Глава тринадцатая

Чтобы подготовиться к приезду Кэллума, я решила заняться эпиляцией.

Шелковая нежность с Алоэ Вера. Мягкий и эффективный способ удалить лишние волосы. Не использовать на ушах, носу, бровях, груди, гениталиях и околоанальных областях. Не подходит для людей пожилого возраста.

Итак, требовалось потереть полоски между сложенными ладонями, как будто молишься. Потом разнять слои бумаги, и тогда на каждом обнаруживалось вещество, напоминающее ушную серу. Нужно было прижать это к коже, еще немного потереть, а потом оторвать полоску, вскрикнув от боли. На ноге оставалось совершенно гладкое место среди густого пушка вместе с кусочками противного желтого воска. Выглядело так, будто на ноге гнойная рана.

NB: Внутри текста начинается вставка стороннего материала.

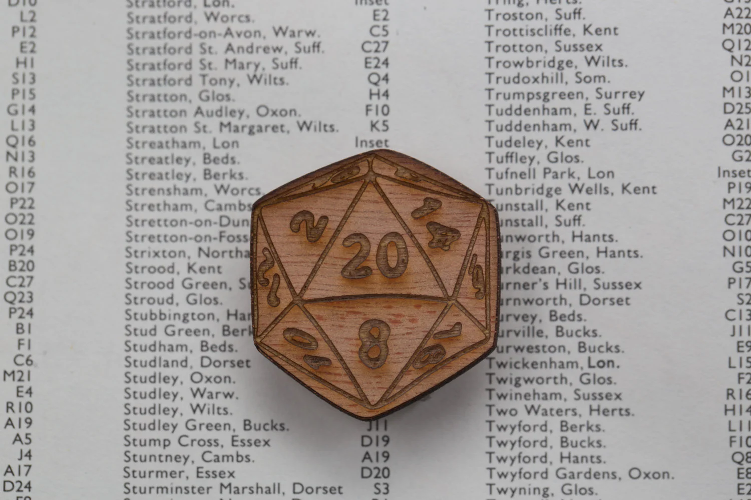 D20 dice pin badge for all adventuring geeks ~ wooden laser cut brooch
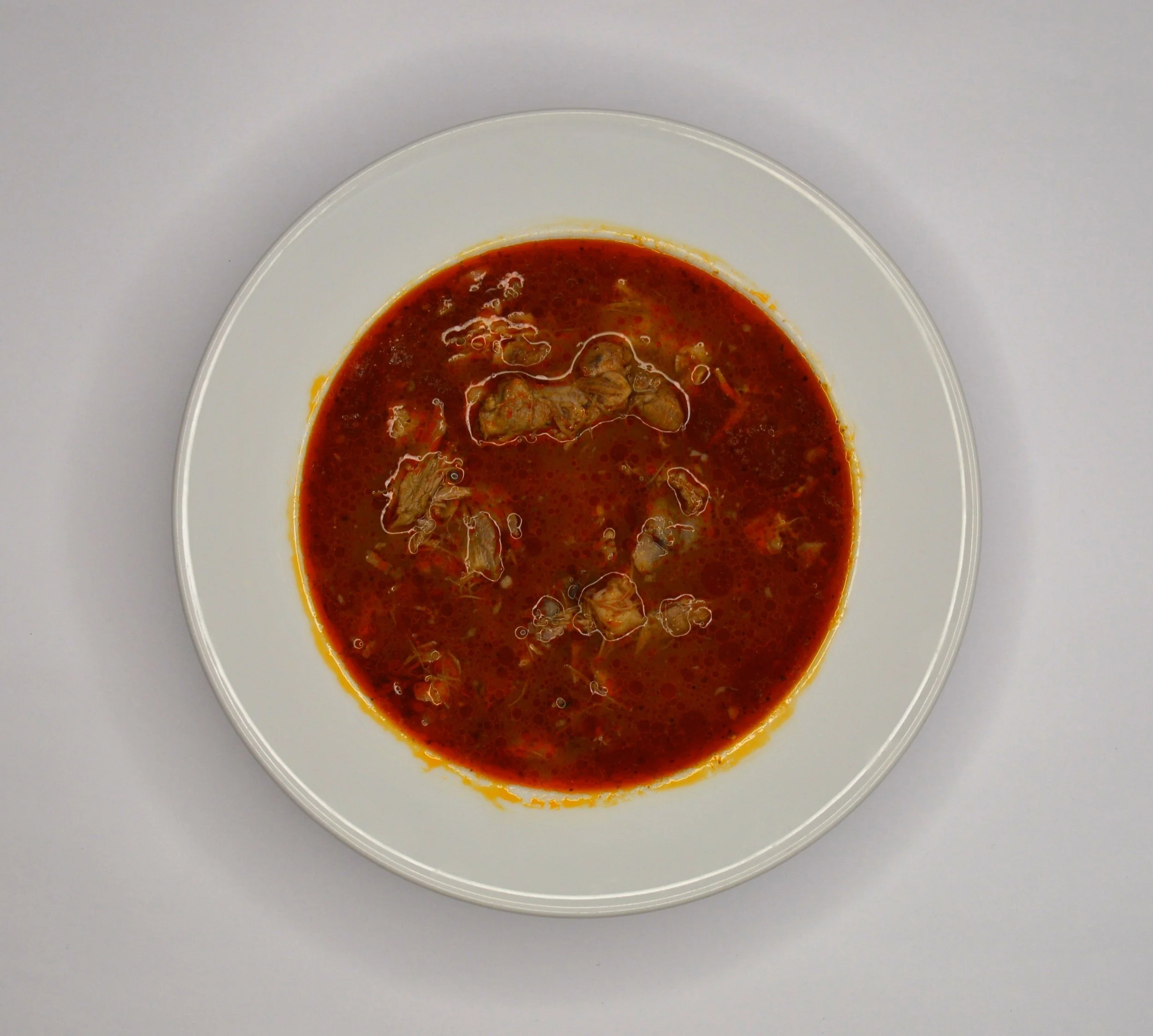 aus Lammrippen, Peperoni, Gegrillte-Tomaten & Brot, Salat
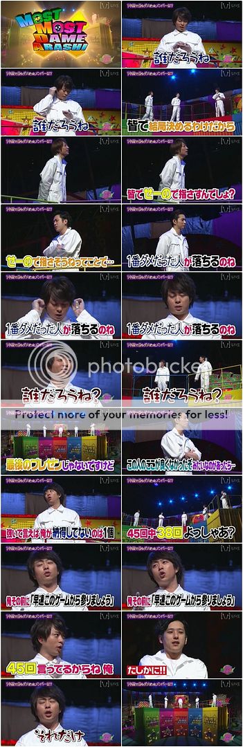絕對第一名的就是BANK BOWLING!!!只有1分成績還不是NINO的球擊倒(是翔的),而且還被PLUS ONE喊你這是在幹什麼啊,再來就是多次被快轉就證明這個遊戲NINO表現還真是ダメ啊。NINO是今年快轉畫面最多次的門把。NARRATION(旁白)王就是這個意思。

Я налепила полоски сзади на икру. Оййй! Еще один гладкий участок. Но теперь я увидела, что без должной аккуратности получается какая-то лоскутная мозаика, живая изгородь из пушка. Поэтому, несмотря на боль, я взялась за дело и стала искоренять оставшиеся клочки волос. Их становилось все меньше и меньше, но приходилось использовать много полосок. В конце концов, я справилась. Одна нога была полностью очищена от волос. Потом я сообразила, что у меня кончились полосы.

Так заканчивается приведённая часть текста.